Data records:
********************

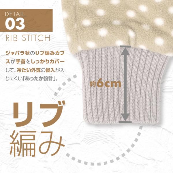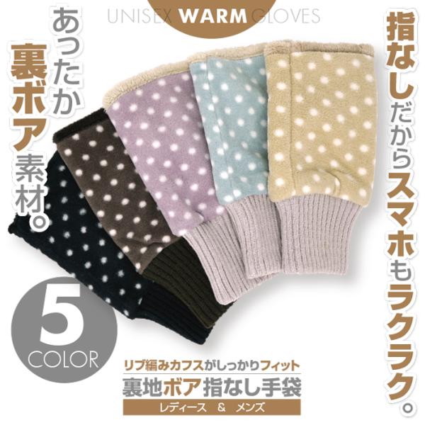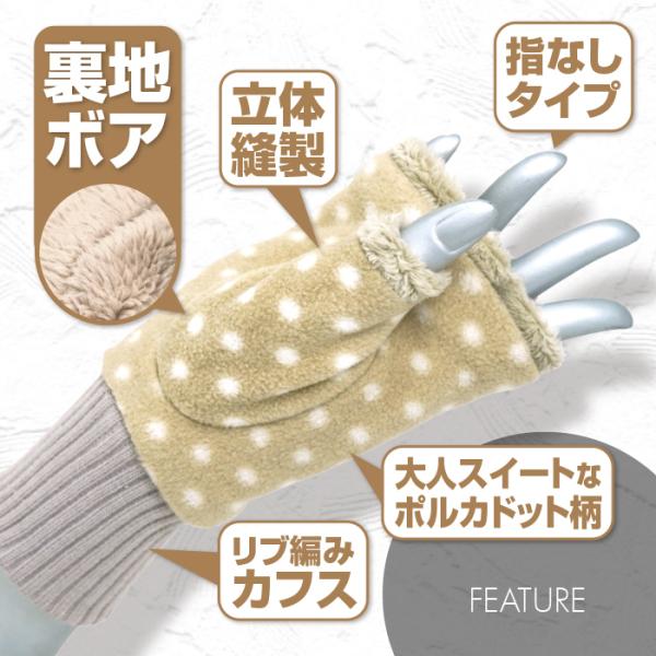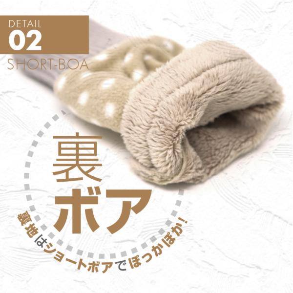 「裏地ボア指なし手袋 リブ編みカフス ポルカドット柄 全5色」
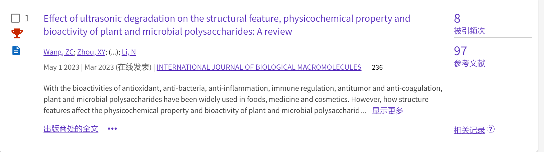 据2023年11月基本科学指标数据库(Essential Science Indicators,简称ESI)统计数据显示,河南工业大学生物工程学院王子朝副教授等于2023年03月发表于功能多糖领域《International Journal of Biological Macromolecules》(中科院一区,TOP期刊,IF=8.2)上的综述论文“Effect of ultrasonic degradation on the structural feature, physicochemical property and bioactivity of plant and microbial polysaccharides: A review”,被ESI数据库遴选为高被引论文。
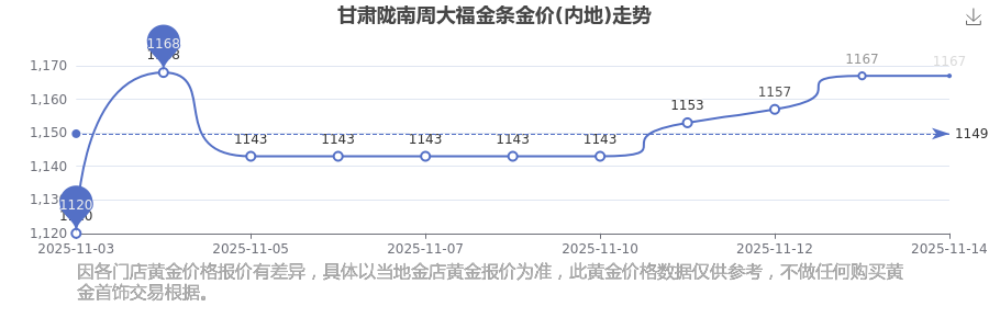 今日(2025年11月16日),1167.0元/克是甘肅隴南周大福金條金價(jià)(內(nèi)地)的價(jià)格標(biāo)準(zhǔn)。
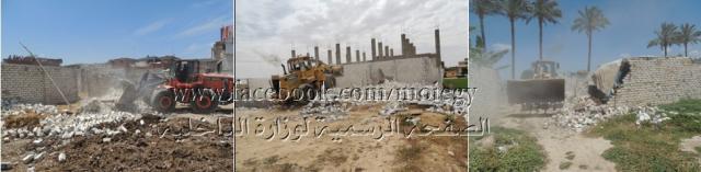 تنفيذاً لتوجيهات القيادة السياسية بعدم التهاون والتصدى بحسم لحالات الإستيلاء والتعدى والبناء على أراضى أملاك الدولة والعمل على سرعة إستردادها تعزيزاً لمبدأ سيادة القانون، فقد واصلت أجهزة وزارة الداخلية بمعاونة الأجهزة الإدارية بمختلف المحافظات تفعيل ضوابط تنفيذ قرارات الإزالة على كافة التعديات الواقعة على الرقعة الزراعية وأملاك الدولة ومنافع الرى والصرف ومجرى نهر النيل والتصدى لمحاولات البعض لإستغلال فترات حظر تحرك المواطنين لإرتكاب تلك المخالفات ، حيث قامت أجهزة الوزارة بتوجيه حملات مكبرة لتأمين تنفيذ قرارات إزالة تلك التعديات.. وقد أسفرت جهودها خلال 24 ساعة عن تحقيق النتائج الإيجابية التالية:-
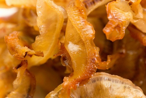 【原材料名】帆立貝ヒモ(国内産)、砂糖、食塩、ブドウ糖、たん白加水分解物(小麦・大豆を含む)、ソルビトール、調味料(アミノ酸等)、酒精、酸味料、リン酸塩(Na)、保存料(ソルビン酸K)、カラメル色素、甘味料(ステビア)
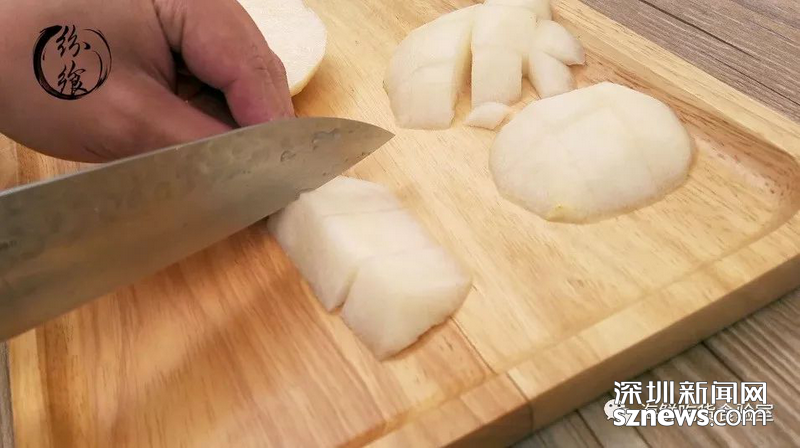 泡發(fā)好的燕窩一份、雪梨一個(gè)、冰糖和枸杞若干。

********************

Brief — Retype, exactly as written, each line from the one containing "تنفيذاً لتوجيهات القيادة" through the end of the data above, and leave out every picture.

Output —
 تنفيذاً لتوجيهات القيادة السياسية بعدم التهاون والتصدى بحسم لحالات الإستيلاء والتعدى والبناء على أراضى أملاك الدولة والعمل على سرعة إستردادها تعزيزاً لمبدأ سيادة القانون، فقد واصلت أجهزة وزارة الداخلية بمعاونة الأجهزة الإدارية بمختلف المحافظات تفعيل ضوابط تنفيذ قرارات الإزالة على كافة التعديات الواقعة على الرقعة الزراعية وأملاك الدولة ومنافع الرى والصرف ومجرى نهر النيل والتصدى لمحاولات البعض لإستغلال فترات حظر تحرك المواطنين لإرتكاب تلك المخالفات ، حيث قامت أجهزة الوزارة بتوجيه حملات مكبرة لتأمين تنفيذ قرارات إزالة تلك التعديات.. وقد أسفرت جهودها خلال 24 ساعة عن تحقيق النتائج الإيجابية التالية:-
 【原材料名】帆立貝ヒモ(国内産)、砂糖、食塩、ブドウ糖、たん白加水分解物(小麦・大豆を含む)、ソルビトール、調味料(アミノ酸等)、酒精、酸味料、リン酸塩(Na)、保存料(ソルビン酸K)、カラメル色素、甘味料(ステビア)
 泡發(fā)好的燕窩一份、雪梨一個(gè)、冰糖和枸杞若干。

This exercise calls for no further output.